Masuknya HTC ke handset telepon adalah lewat pemikiran yang matang. Mulanya, ketika didirikan pada 1997, perusahaan yang dimiliki Cher Wang ini berencana membuat laptop. Terlebih, CEO-nya, Peter Chou lama berkiprah di Digital Equipment Corporation (DEC), produsen komputer legendaris. Akan tetapi, karena melihat masa depan terletak pada internet mobile dan devices yang mendukungnya, maka laju HTC diarahkan ke sana. Dengan kompetensinya, perusahaan ini mendeklarasikan kesanggupannya pada perusahaan Barat untuk mendesain dan membuat high-end hand-helds serta mobile phones. iPaq adalah produksi pertama HTC.

Menyadari kompetensinya sebagai original design manufacturer, pada tahun 2006 HTC mulai mengembangkan mereknya sendiri dengan seluruh risiko yang ada. Dikatakan risiko karena manajemen harus meyakinkan pemegang saham dan hilangnya existing business lantaran sejumlah pelanggan menganggapnya sebagai rival. Toh fakta bicara, hanya dalam 3 tahun, HTC kini semakin berkibar dengan produk-produknya. Peter Chou bahkan terang-terangan menyatakan ingin perusahaannya setenar Apple, raksasa smartphone.

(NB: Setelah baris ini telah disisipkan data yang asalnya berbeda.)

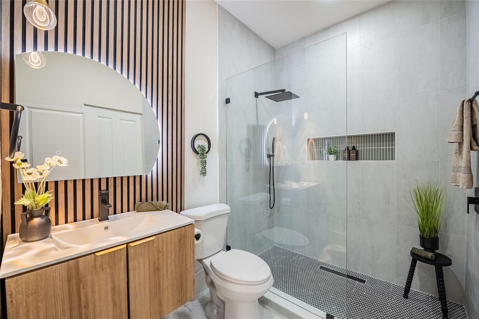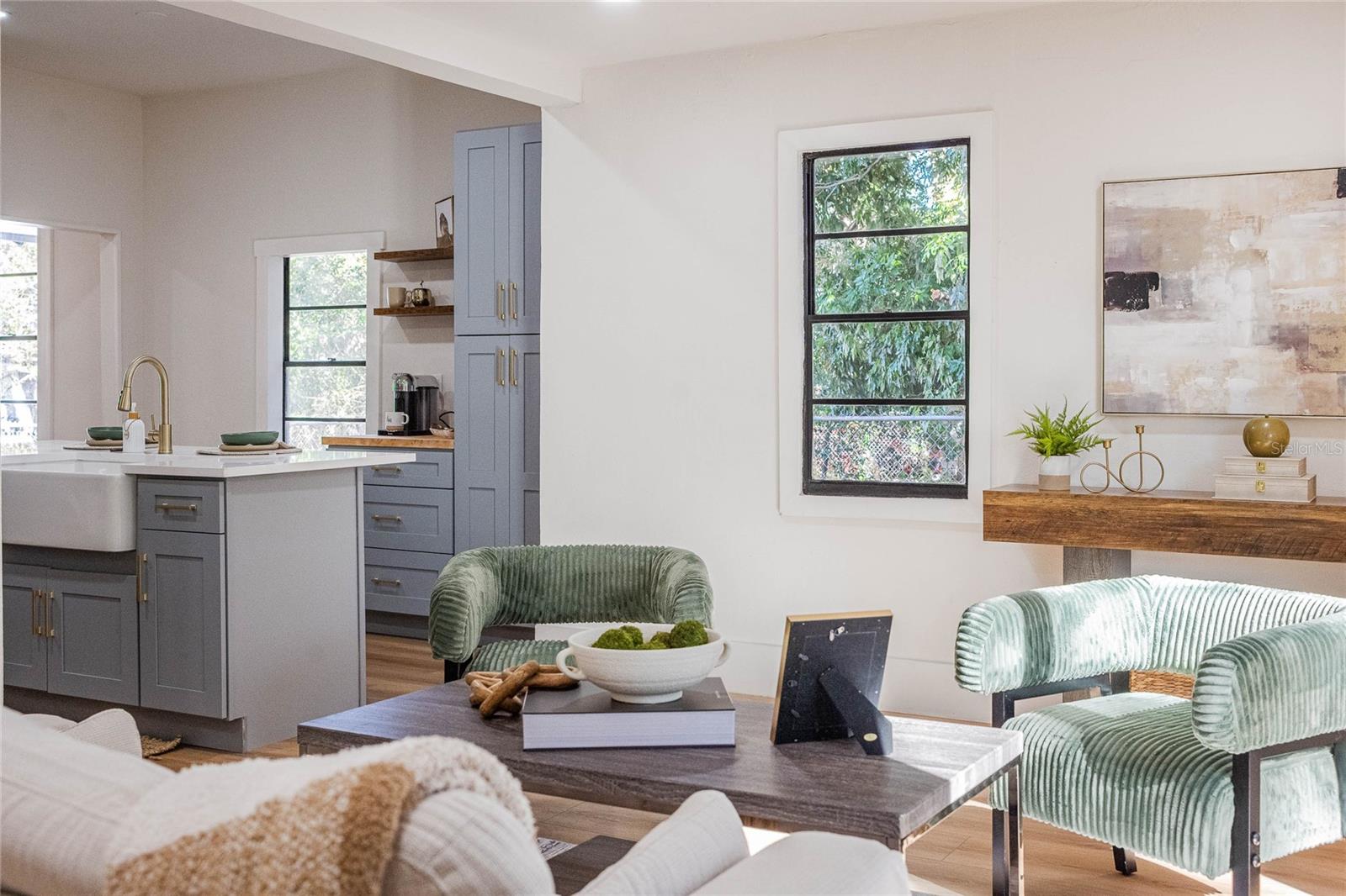Fall in love with this FULLY RENOVATED 3 bedroom, 2 bath BUNGALOW located in the desirable Southeast Seminole Heights neighborhood. This home is STUNNING with NEW ROOF and all FURNISHINGS ARE NEGOTIABLE! As you approach the home, you'll be captivated by its lush landscaping and charming porch with the FRONT PORCH SWING you have always wanted! Inside, you'll find a thoughtfully designed interior with neutral paint, high ceilings, beautiful luxury vinyl floors, tall baseboards, and numerous updates that enhance its appeal. The home opens with an inviting oversized living and dining area combo. Hosting parties in this space will be a joy! But let's talk about this kitchen! It's a dream for any aspiring chef! Featuring popular natural and grey shaker cabinetry with all the organizational bells and whistles, built-in pantry, coffee bar nook, OVERSIZED FARMHOUSE SINK, a STAINLESS STEEL APPLIANCE PACKAGE and brushed modern brass pot filler! Adjacent to the kitchen, the family room provides a cozy setting for movie nights or a perfect reading space. The primary suite is a spacious retreat. It showcases a large WALK-IN CLOSET, large windows, and a LUXURIOUS RENOVATED en suite bath complete with a Smart mirror with ADJUSTABLE LED LIGHTING and a custom tiled shower. Across the hall, you'll find a generous secondary bedroom with a spacious closet and large windows that flood the room with natural light. Continuing with the renovations you will find a second full bath and a third bedroom that would be perfect for a home office. Step outside into your own private oasis through NEW SLIDING DOORS off your family room and experience the essence of Florida living. The backyard is adorned with beautiful large oak trees a built in GAZEBO that is ideal for outdoor hosting family and friends. There's plenty of room to store beach or water toys making this home perfect for outdoor enthusiasts. Conveniently located near Florida's most popular beaches, Armature Works, downtown Tampa, attractions, parks, and historical landmarks, this fully updated bungalow seamlessly blends modern updates with original features, offering the best of both worlds. Don't miss out on the opportunity to live the dream!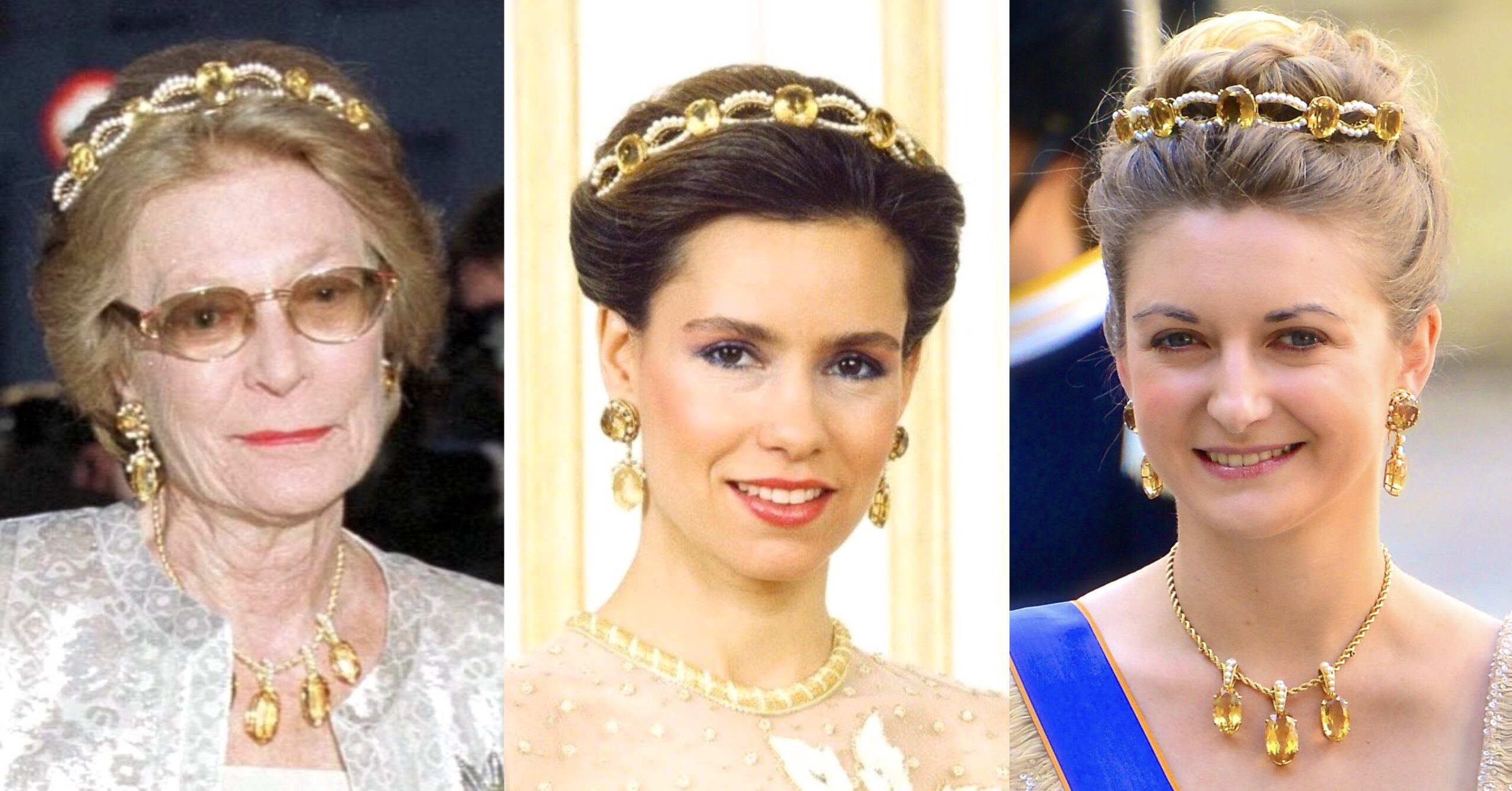 The striking Citrine and Pearl Tiara is another converted Bracelet worn as a Tiara along with a striking Citrine or Topaz Parure, which was a favourite of Grand Duchess Maria Teresa in the early years of her marriage and has now been often worn by Hereditary Grand Duchess Stéphanie in recent years.

Yang menarik, di tengah kejayaan yang ada, Peter Chou telah melihat tantangan berat telah menghadang: marjin yang menciut karena hadirnya para pemain dari China dengan keunggulan labour cost-nya. Cara menghadangnya, "We need to establish a new competency before we get into trouble," terang Chou (The Economist, 9 Juli 2009). Dan HTC telah membuktikan diri lewat produk-produk barunya seperti HTC Sense yang memukau.

So, kompetensi. Itulah kuncinya, bro! jangan pernah main-main dengan kompetensi inti! Juga, jangan pernah sombong kala di atas.